### DATASET SECTION

----------------

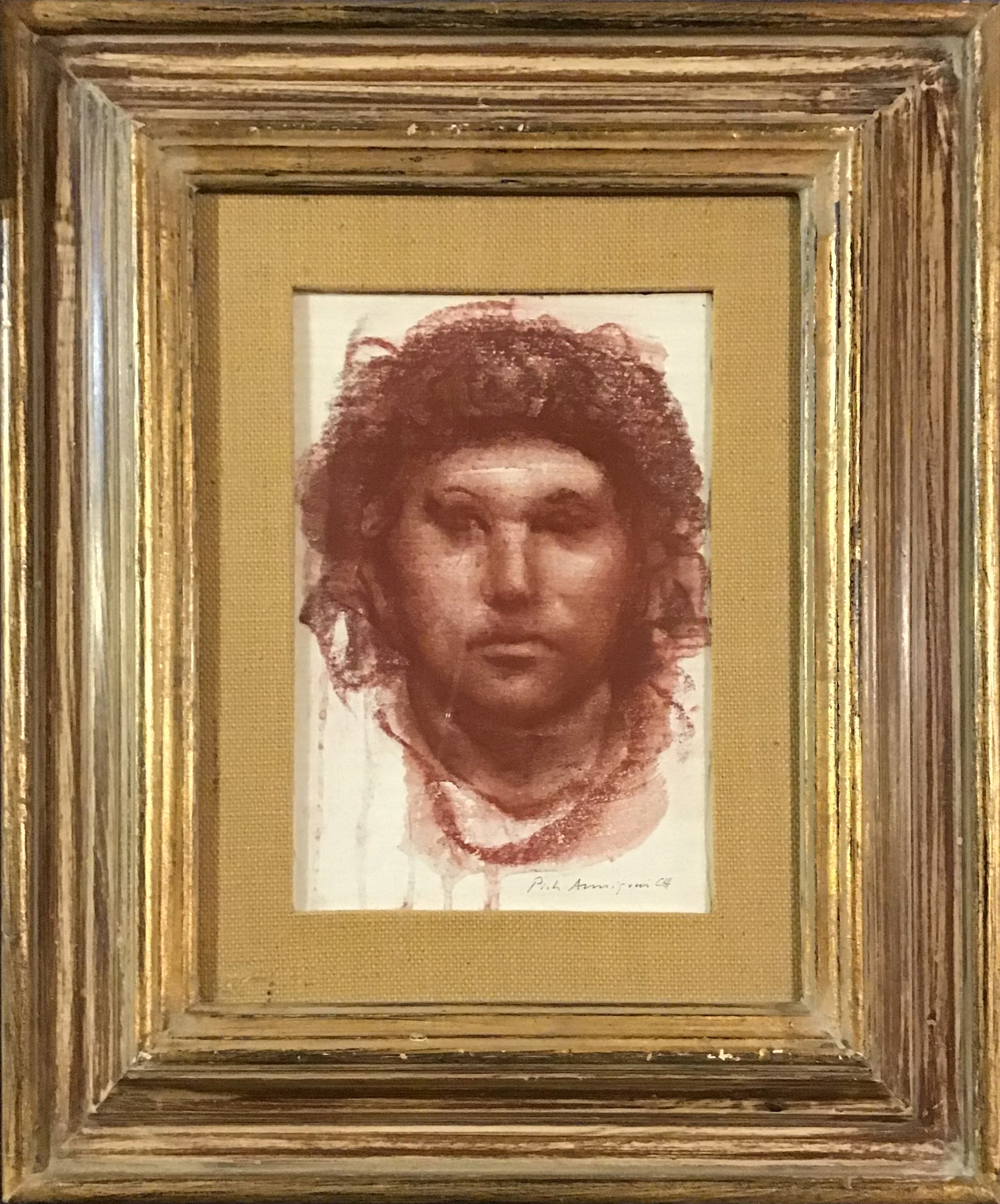 Anche in questa sanguigna di pregevole fattura possiamo ammirare la qualità tecnica del pittore Pietro Annigoni nella riproduzione della figura umana. E' un artista capace di una resa naturalistica totale, caratterizzata da un altissimo livello di purezza formale. I tratti fisionomici sono rappresentati con grande verità in una forma morbida e levigata. I contorni sono indefiniti, grazie ad uno sfumato che permette al soggetto di interagire naturalmente con lo spazio. Anche nel monocromo possiamo apprezzare, inoltre, il gioco delle ombre e delle luci che vanno a rilevare la consistenza volumetrica delle figure.
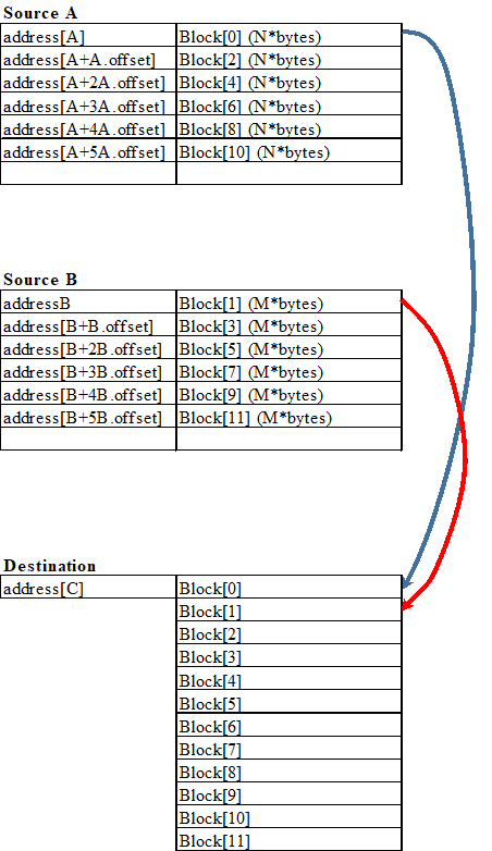 屏幕每一行的像素数据均由Current Frame 与Target Frame 的对应行在内存中的部分像素数据共同组成(见下方示意图);
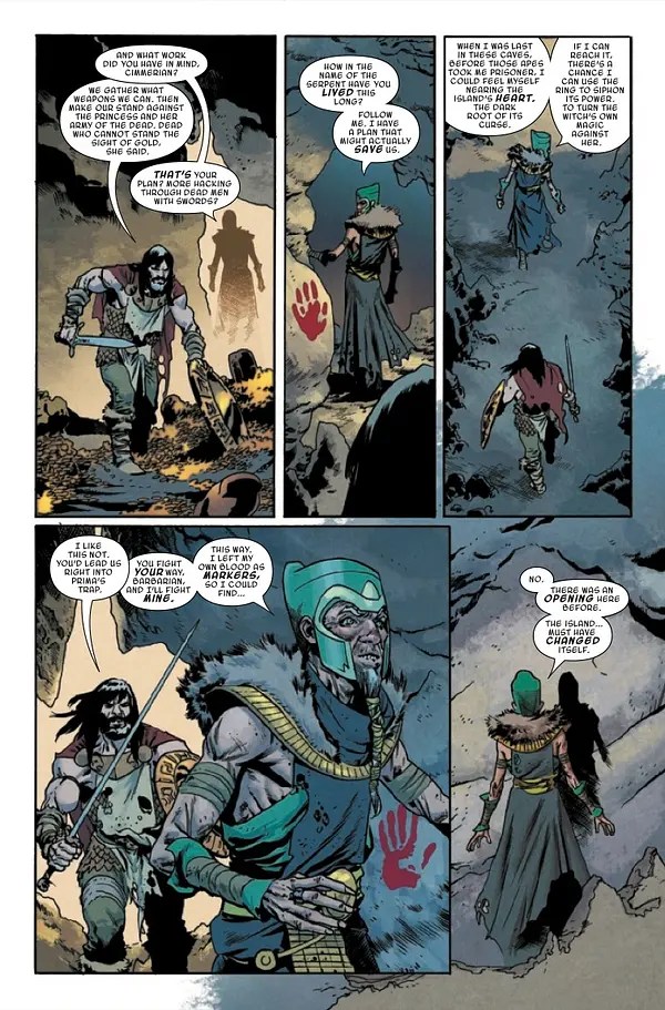 Narratively speaking, this issue could be viewed as something of a deep breath before the final roar, as Conan and Thoth-Amon regroup following their encounter with the former Princess Matoaka and try to decide on a plan to help them survive and escape the cursed island. Obviously, each man has vastly different ideas about the best way to do this, with Conan’s “blood and glory” violence-based approach unsurprisingly winning out.

----------------

### REQUIREMENT
The expected result is the data above in exact form, free of pictures.

### ANSWER FOR THIS EXERCISE
 Anche in questa sanguigna di pregevole fattura possiamo ammirare la qualità tecnica del pittore Pietro Annigoni nella riproduzione della figura umana. E' un artista capace di una resa naturalistica totale, caratterizzata da un altissimo livello di purezza formale. I tratti fisionomici sono rappresentati con grande verità in una forma morbida e levigata. I contorni sono indefiniti, grazie ad uno sfumato che permette al soggetto di interagire naturalmente con lo spazio. Anche nel monocromo possiamo apprezzare, inoltre, il gioco delle ombre e delle luci che vanno a rilevare la consistenza volumetrica delle figure.
 屏幕每一行的像素数据均由Current Frame 与Target Frame 的对应行在内存中的部分像素数据共同组成(见下方示意图);
 Narratively speaking, this issue could be viewed as something of a deep breath before the final roar, as Conan and Thoth-Amon regroup following their encounter with the former Princess Matoaka and try to decide on a plan to help them survive and escape the cursed island. Obviously, each man has vastly different ideas about the best way to do this, with Conan’s “blood and glory” violence-based approach unsurprisingly winning out.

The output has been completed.